Tools & Infrastructure Management:
- Oversee the administration, tuning, and optimisation of security tools and infrastructure.
- Collaborate with technology teams to ensure the integration and alignment of security tools within the broader IT ecosystem.
What you'll bring:
The ideal Security Operations Manager will possess some or all of the following attributes
- Relevant qualifications in Computer Science, Information Security, or a related field. Advanced certifications (e.g., CISSP, CISM, CEH, GCIA) are a plus.
- 2+ years experience in a management role, managing global teams.
- 4 years of experience in cybersecurity operations, incident response, or a related role
- Proficiency in SIEM technologies, EDR tools, and other cybersecurity technologies
- In-depth knowledge of security architectures, threat landscape, and incident response methodologies.
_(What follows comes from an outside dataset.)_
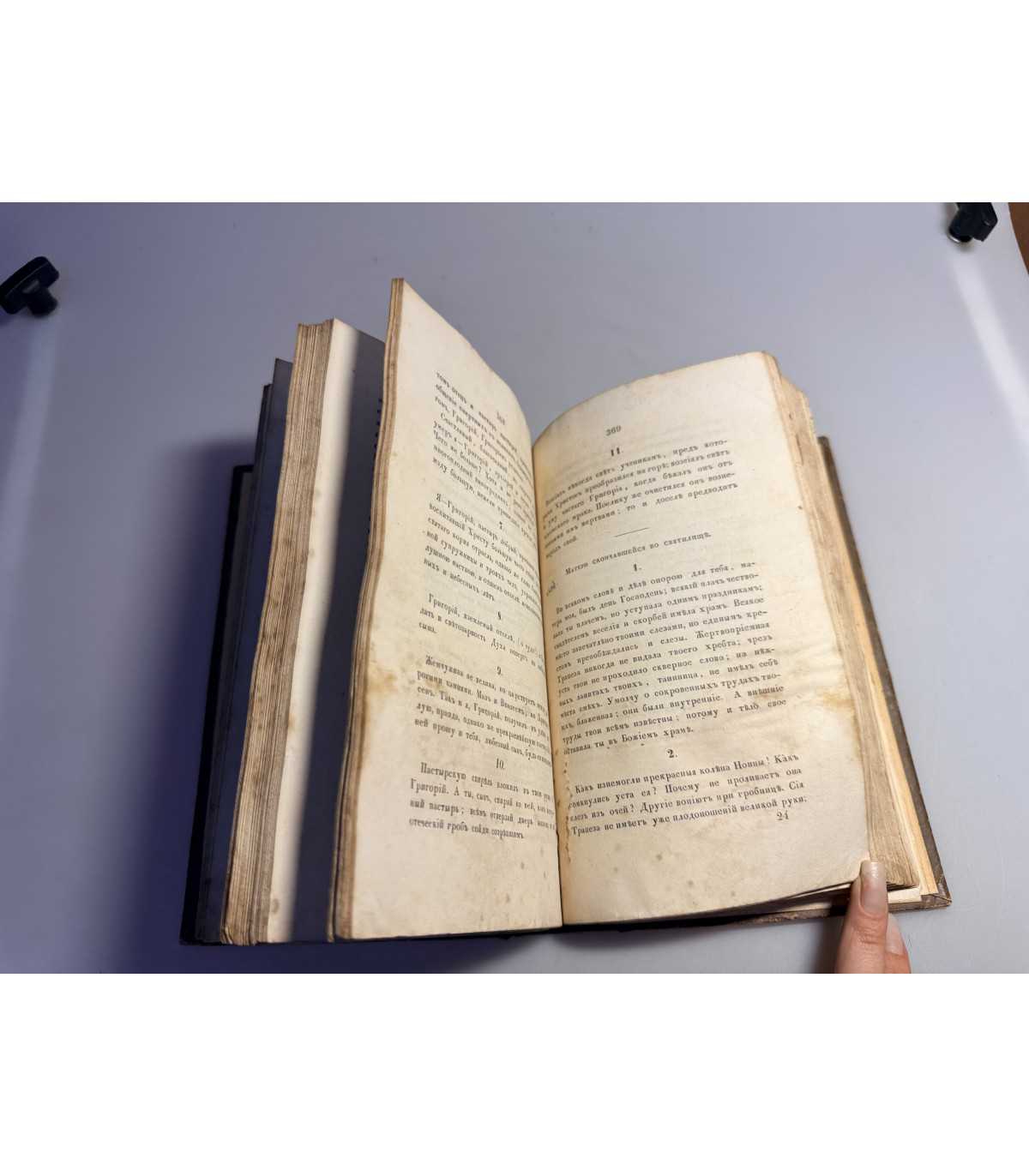 Книжный блок: - плотный, не деформирован, не распадается, выпадающих листов - нет, «лисьи» пятна, загрязнения или пятна от влаги на страницах присутствуют. Титульный лист - сохранен. Есть пометки, печати.

- Solid understanding of network protocols, system architecture, and operating systems.
- Familiarity with various attack vectors, threat tactics, and attacker TTPs.
- Strong analytical, troubleshooting, and problem-solving skills.
- Excellent written and verbal communication skills.
- Ability to work effectively both independently and in a collaborative team environment.
What's in for you
- Inspiring and fulfilling work at the innovative, value-driven global company that uses cutting-edge tech.
- Global work experience in agile methodology.
- International, friendly and inclusive multicultural environment (over 35 nationalities that speak altogether almost 30 languages!).
- Attractive salary and flexible benefits package (incl. medical insurance for you and your family, life insurance, free language classes).
- Playful, accessible office in the Technology Park of Málaga with a free, private bus connection from the city centre and a range of workplace perks.
- Flexible working hours, well-being programs, learning and growth opportunities every day.
- Relocation package for you and your family including soft-landing package services to help you settle down in Spain (if you are moving from a different city/country).
- Flexibility of working from home or in the office to stay both safe and collaborative.
- Team building events, Learning Labs, Hackathons, Designathons, and even Referathons!
- Opportunity to shape the tech community inside and outside of The Workshop, mentoring and sharing knowledge with others.
- Six weeks’ paid leave for every four years of service.